### TASK STATEMENT
Below, locate the line that contains "- Školjke, kamenčki, pesek, stekleni". Repeat exactly from that line to the line that contains "- A Gift of", inclusive, leaving out the pictures.

### INPUT MATERIAL

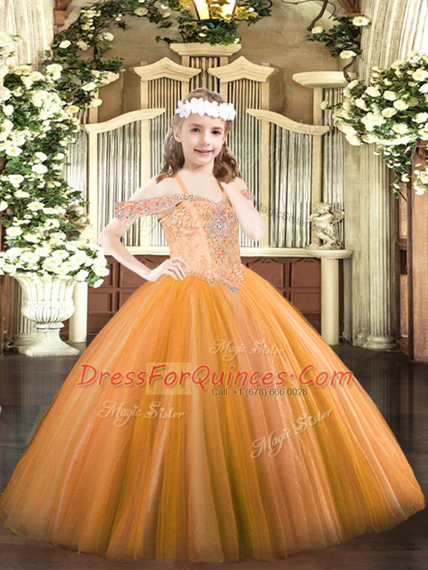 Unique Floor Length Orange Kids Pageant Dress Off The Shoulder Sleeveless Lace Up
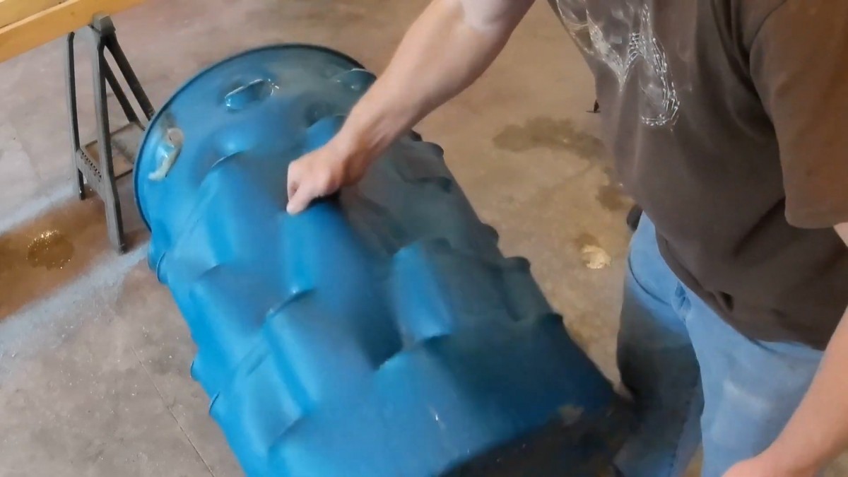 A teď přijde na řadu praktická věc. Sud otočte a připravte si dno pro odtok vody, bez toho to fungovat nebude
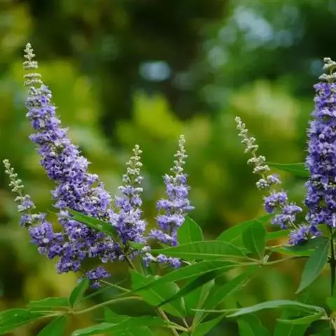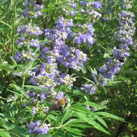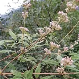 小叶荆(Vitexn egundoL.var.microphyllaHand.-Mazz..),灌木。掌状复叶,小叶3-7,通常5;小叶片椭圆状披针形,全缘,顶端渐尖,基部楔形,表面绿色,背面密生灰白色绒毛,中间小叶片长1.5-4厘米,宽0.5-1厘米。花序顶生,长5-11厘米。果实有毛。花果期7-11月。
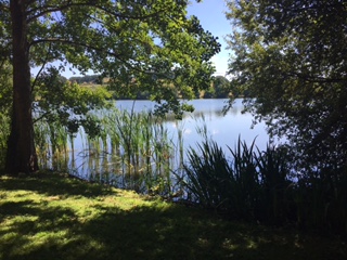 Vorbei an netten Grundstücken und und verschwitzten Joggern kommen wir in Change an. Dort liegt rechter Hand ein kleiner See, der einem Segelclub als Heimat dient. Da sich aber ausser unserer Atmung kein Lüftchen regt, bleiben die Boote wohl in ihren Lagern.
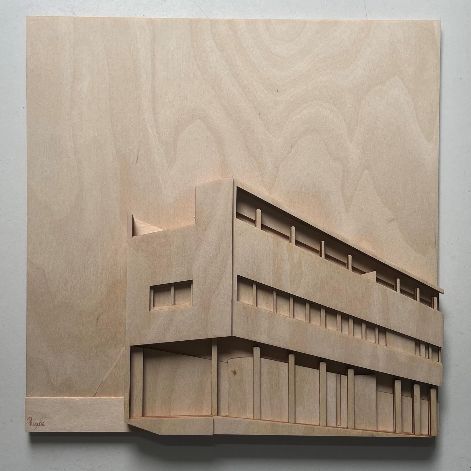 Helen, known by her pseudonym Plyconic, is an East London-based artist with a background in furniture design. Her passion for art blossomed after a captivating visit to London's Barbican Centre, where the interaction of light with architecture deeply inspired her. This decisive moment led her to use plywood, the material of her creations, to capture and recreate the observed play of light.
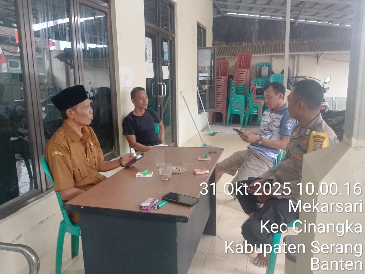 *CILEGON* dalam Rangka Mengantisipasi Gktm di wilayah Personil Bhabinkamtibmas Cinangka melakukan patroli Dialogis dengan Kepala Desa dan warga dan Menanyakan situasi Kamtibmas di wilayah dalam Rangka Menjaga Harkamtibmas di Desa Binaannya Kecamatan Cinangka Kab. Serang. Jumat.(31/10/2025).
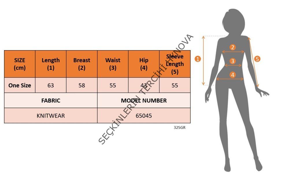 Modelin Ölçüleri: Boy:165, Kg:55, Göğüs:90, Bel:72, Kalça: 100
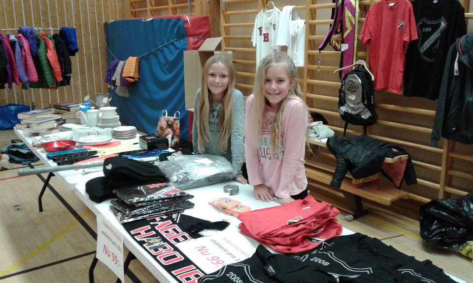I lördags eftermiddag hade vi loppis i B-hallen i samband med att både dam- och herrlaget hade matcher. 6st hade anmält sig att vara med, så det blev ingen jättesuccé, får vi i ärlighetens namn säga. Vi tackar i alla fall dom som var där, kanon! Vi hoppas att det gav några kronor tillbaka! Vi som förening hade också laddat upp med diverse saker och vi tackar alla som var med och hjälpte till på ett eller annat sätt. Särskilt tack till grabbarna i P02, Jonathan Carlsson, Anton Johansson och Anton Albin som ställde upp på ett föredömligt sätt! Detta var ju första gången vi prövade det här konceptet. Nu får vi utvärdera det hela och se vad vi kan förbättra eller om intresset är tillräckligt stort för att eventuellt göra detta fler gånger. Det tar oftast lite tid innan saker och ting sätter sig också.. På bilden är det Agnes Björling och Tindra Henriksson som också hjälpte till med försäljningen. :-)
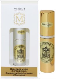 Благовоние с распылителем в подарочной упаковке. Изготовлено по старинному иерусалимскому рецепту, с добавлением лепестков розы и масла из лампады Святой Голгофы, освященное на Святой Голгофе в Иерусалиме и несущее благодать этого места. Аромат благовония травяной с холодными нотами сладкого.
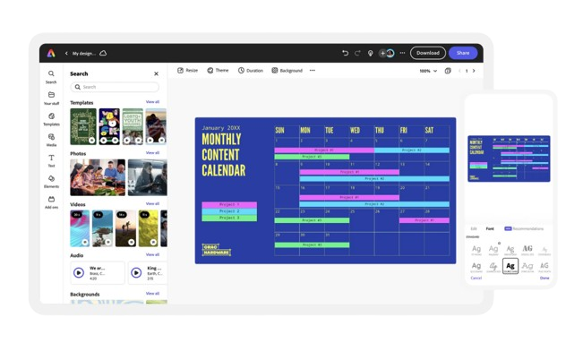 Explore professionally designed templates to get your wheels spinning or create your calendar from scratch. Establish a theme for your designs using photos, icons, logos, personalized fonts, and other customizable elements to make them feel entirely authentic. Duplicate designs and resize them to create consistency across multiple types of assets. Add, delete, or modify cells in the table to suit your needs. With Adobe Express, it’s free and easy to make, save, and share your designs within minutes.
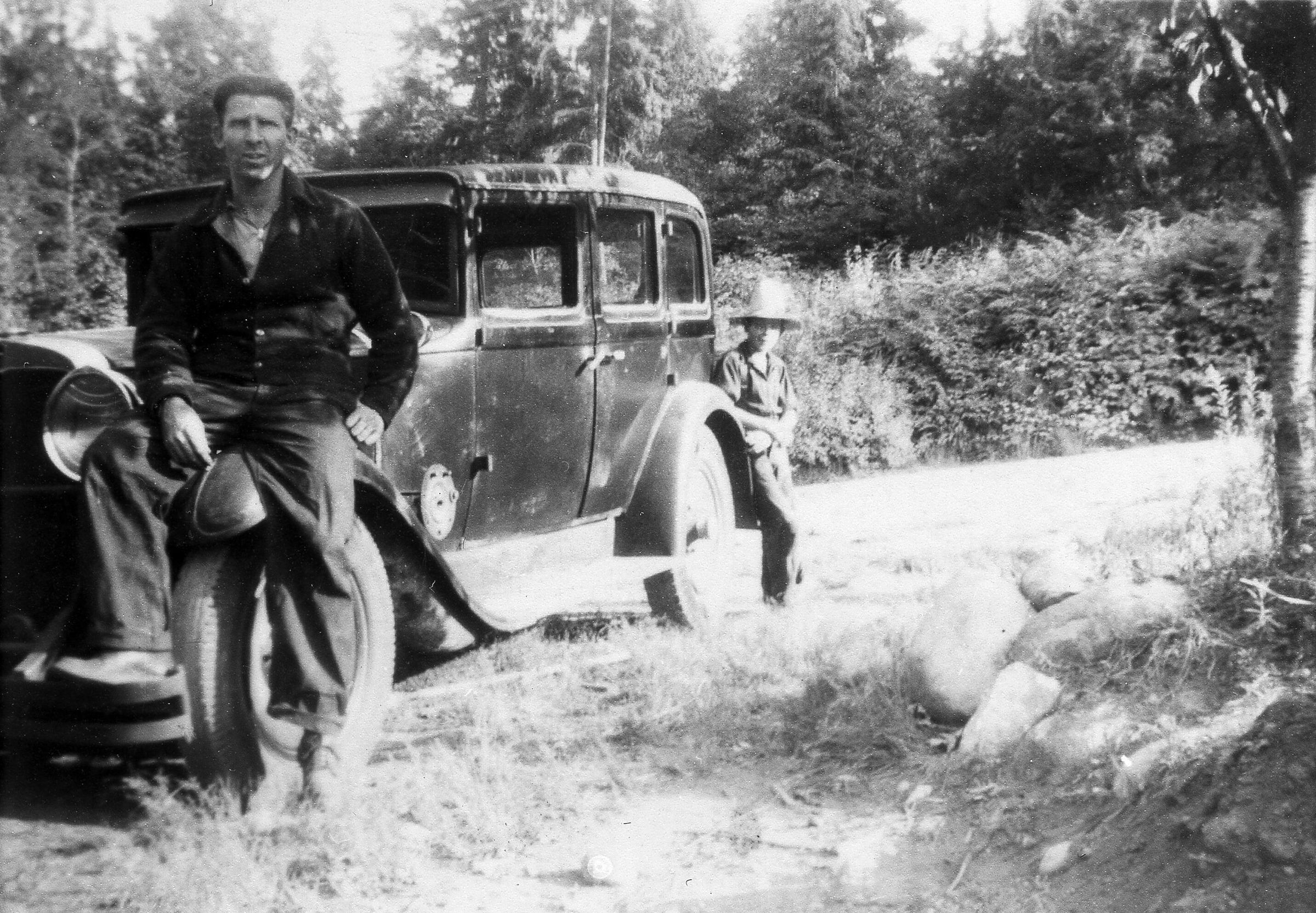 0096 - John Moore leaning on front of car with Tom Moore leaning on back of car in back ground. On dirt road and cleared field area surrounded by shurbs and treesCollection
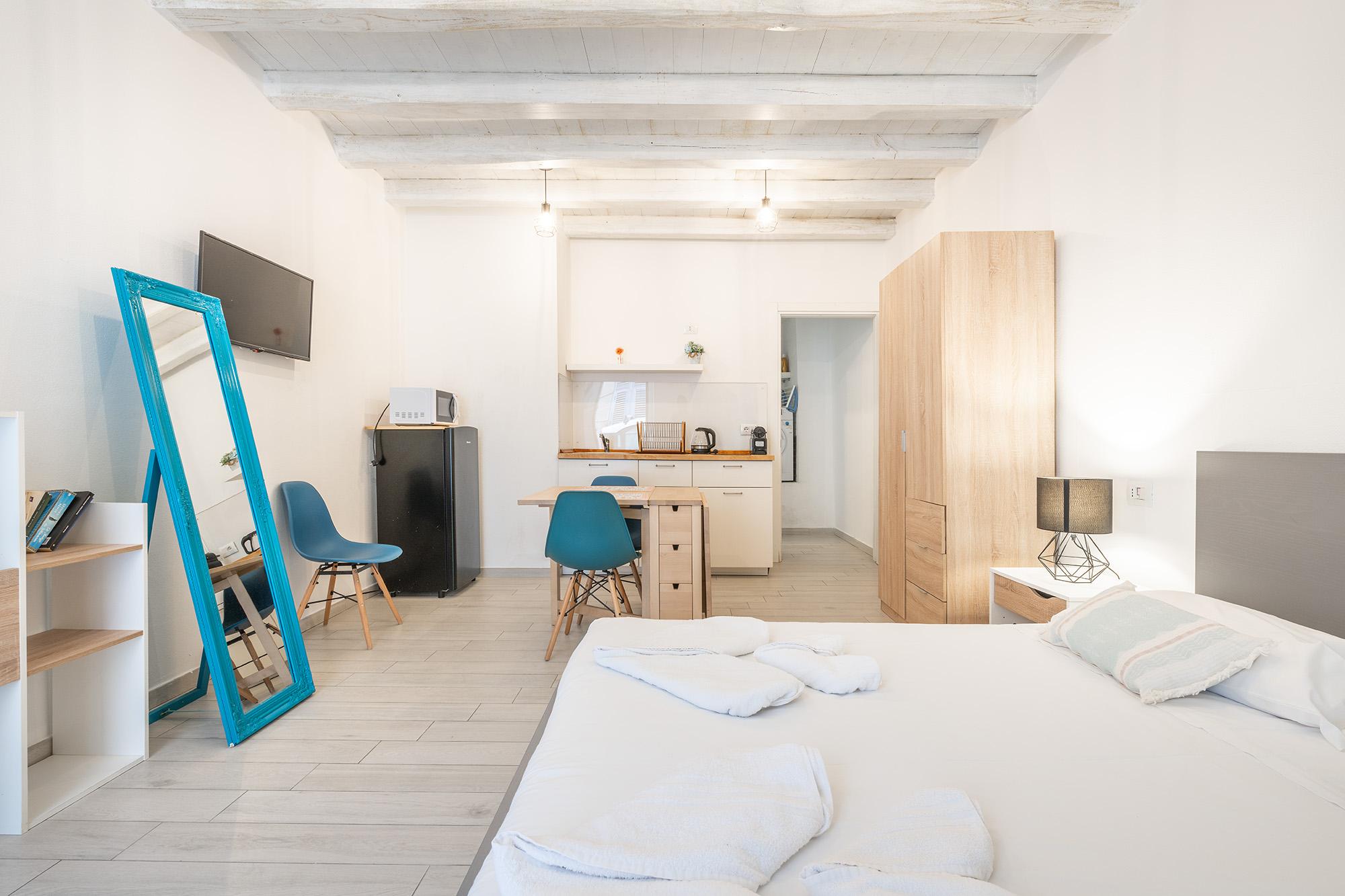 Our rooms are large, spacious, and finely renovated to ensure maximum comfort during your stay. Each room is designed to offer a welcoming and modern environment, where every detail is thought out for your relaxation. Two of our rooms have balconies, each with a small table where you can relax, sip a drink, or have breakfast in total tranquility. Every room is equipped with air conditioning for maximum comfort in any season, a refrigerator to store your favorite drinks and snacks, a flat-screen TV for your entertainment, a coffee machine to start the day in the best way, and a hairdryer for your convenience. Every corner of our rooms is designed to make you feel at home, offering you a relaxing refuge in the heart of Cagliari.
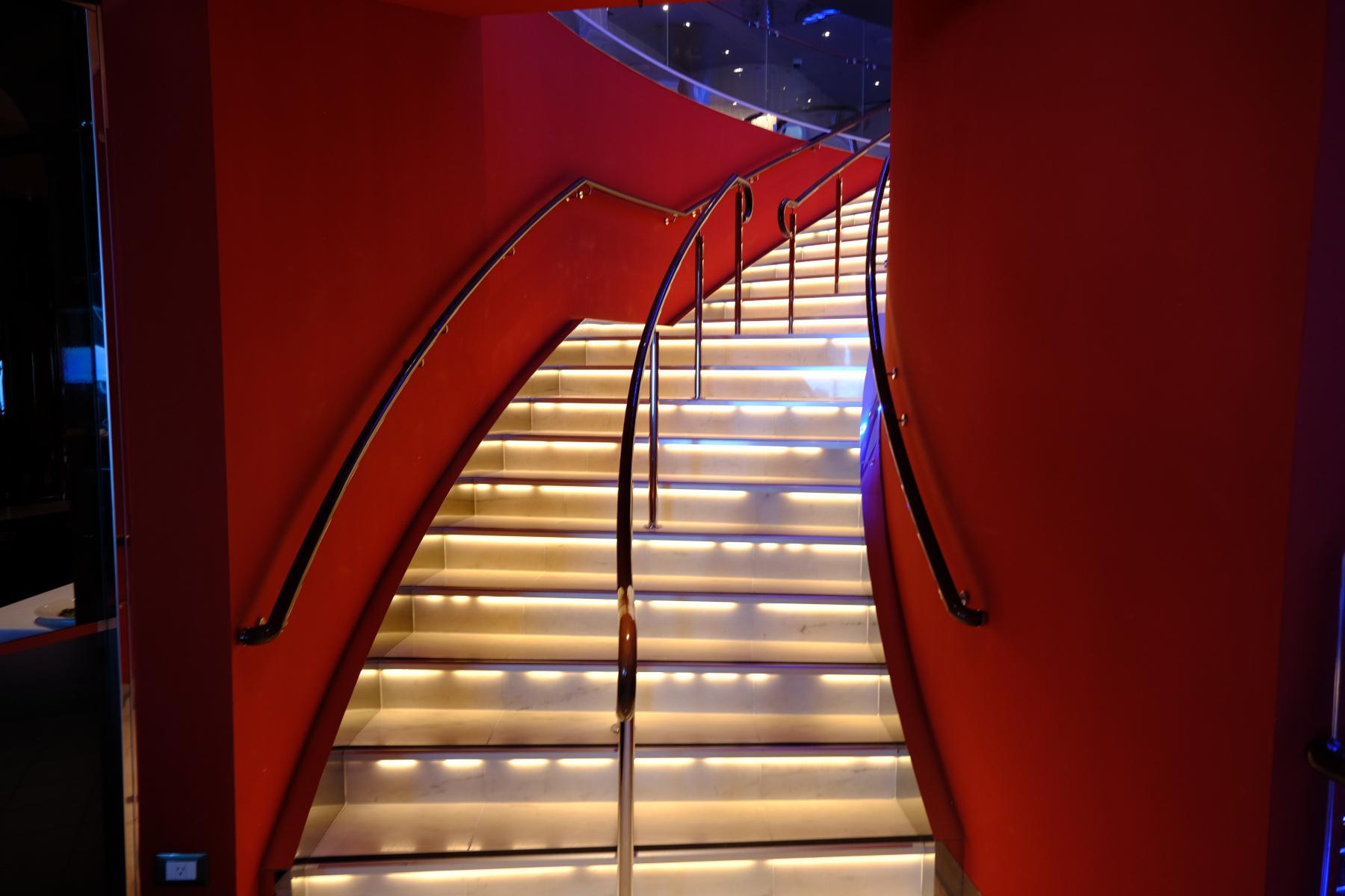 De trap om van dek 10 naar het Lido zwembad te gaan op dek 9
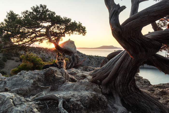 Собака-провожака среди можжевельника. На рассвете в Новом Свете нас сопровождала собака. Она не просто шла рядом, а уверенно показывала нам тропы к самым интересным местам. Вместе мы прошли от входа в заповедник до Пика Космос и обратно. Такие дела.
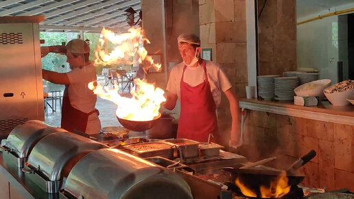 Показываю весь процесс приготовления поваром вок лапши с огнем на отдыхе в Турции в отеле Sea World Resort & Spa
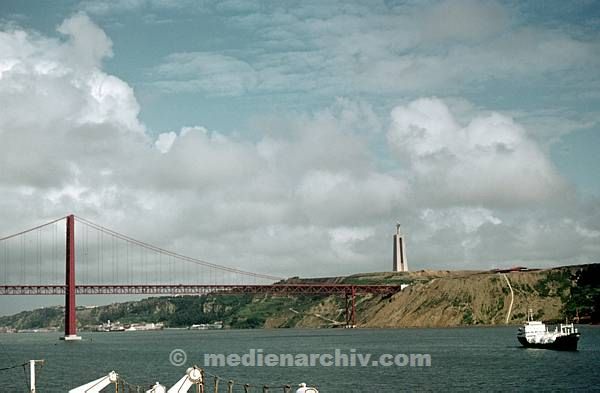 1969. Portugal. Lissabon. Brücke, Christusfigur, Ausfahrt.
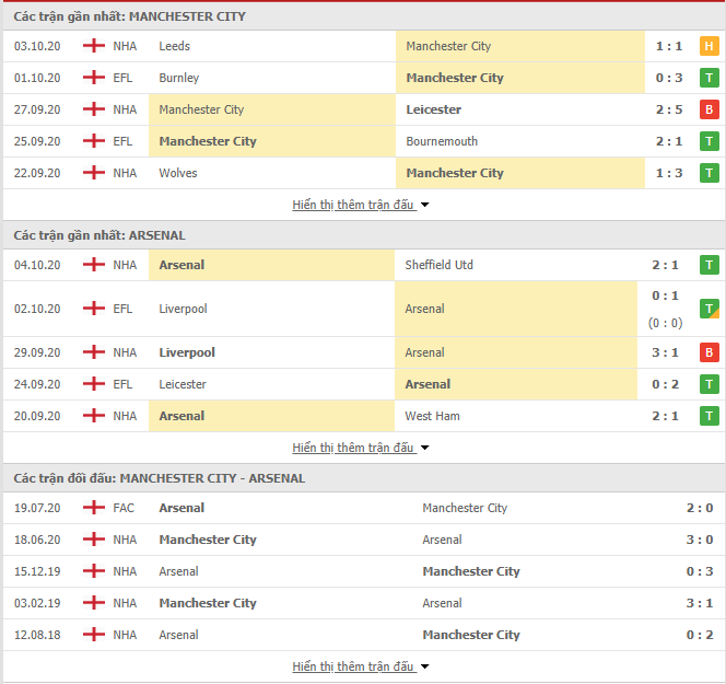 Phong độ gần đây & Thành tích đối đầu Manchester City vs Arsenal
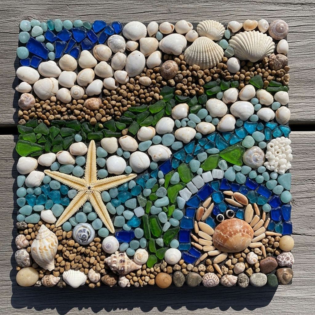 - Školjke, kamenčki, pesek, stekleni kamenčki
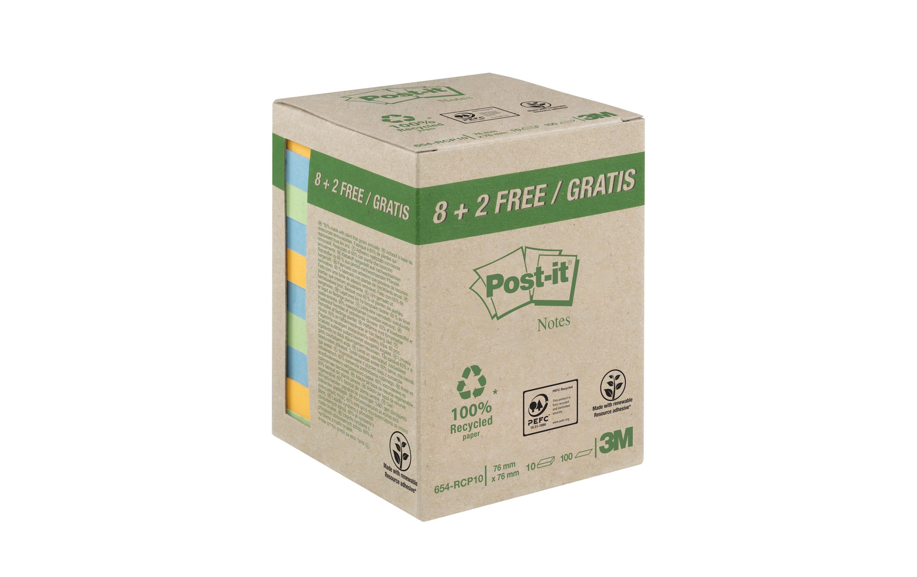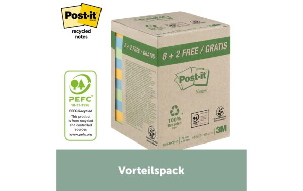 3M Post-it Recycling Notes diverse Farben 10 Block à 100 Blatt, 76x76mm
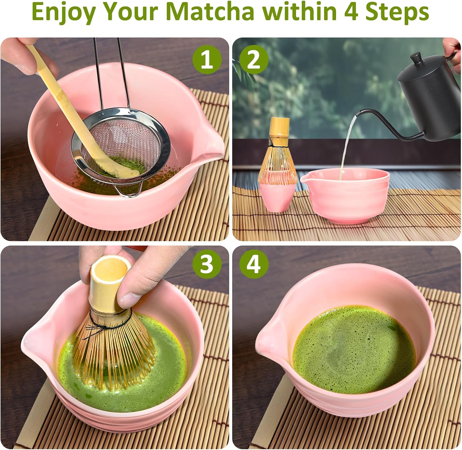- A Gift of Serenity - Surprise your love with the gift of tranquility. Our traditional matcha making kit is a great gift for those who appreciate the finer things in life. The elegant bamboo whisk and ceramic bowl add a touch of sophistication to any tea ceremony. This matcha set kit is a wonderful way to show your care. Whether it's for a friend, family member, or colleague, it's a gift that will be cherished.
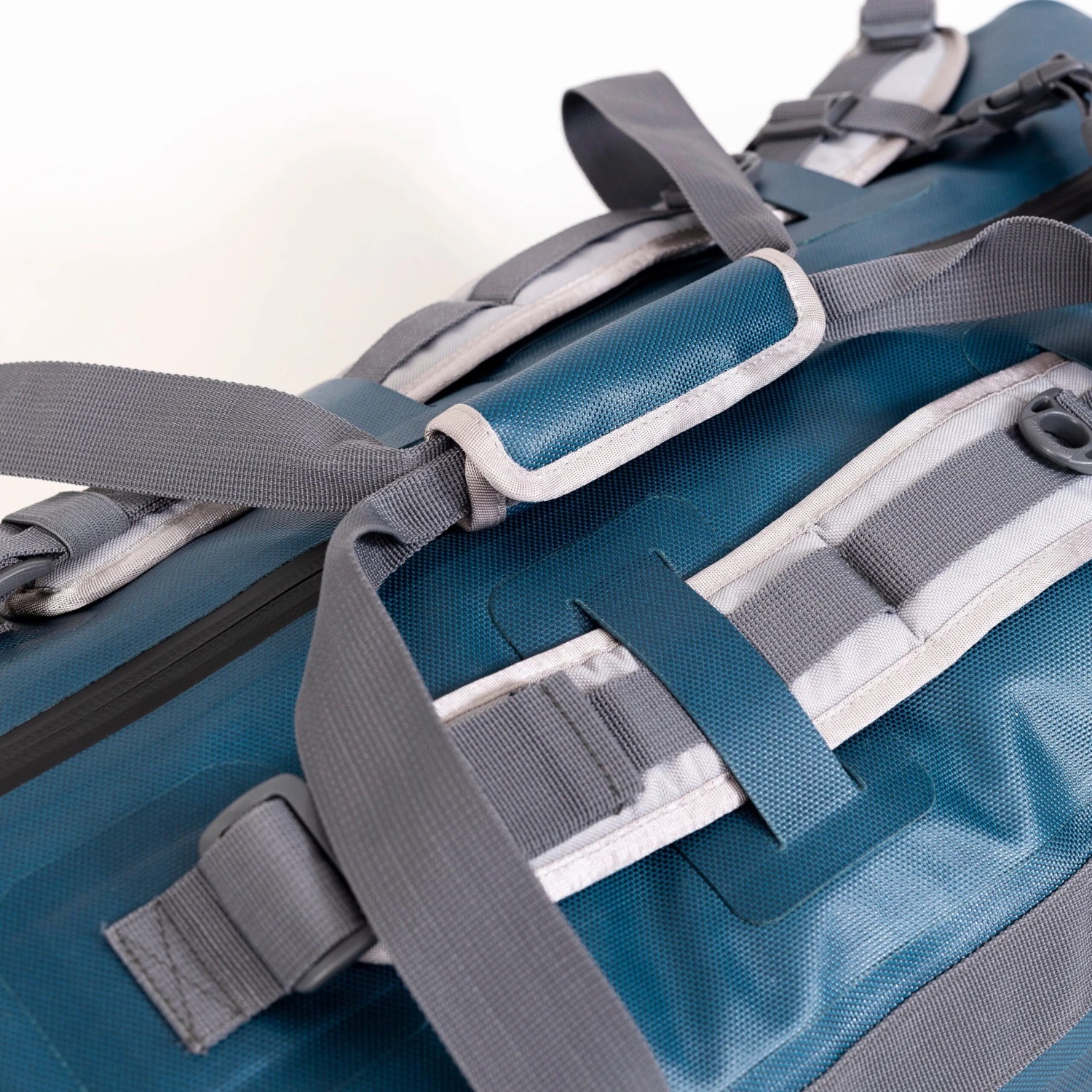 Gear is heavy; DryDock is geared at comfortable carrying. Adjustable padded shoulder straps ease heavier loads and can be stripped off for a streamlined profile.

### SOLUTION
 - Školjke, kamenčki, pesek, stekleni kamenčki
 3M Post-it Recycling Notes diverse Farben 10 Block à 100 Blatt, 76x76mm
- A Gift of Serenity - Surprise your love with the gift of tranquility. Our traditional matcha making kit is a great gift for those who appreciate the finer things in life. The elegant bamboo whisk and ceramic bowl add a touch of sophistication to any tea ceremony. This matcha set kit is a wonderful way to show your care. Whether it's for a friend, family member, or colleague, it's a gift that will be cherished.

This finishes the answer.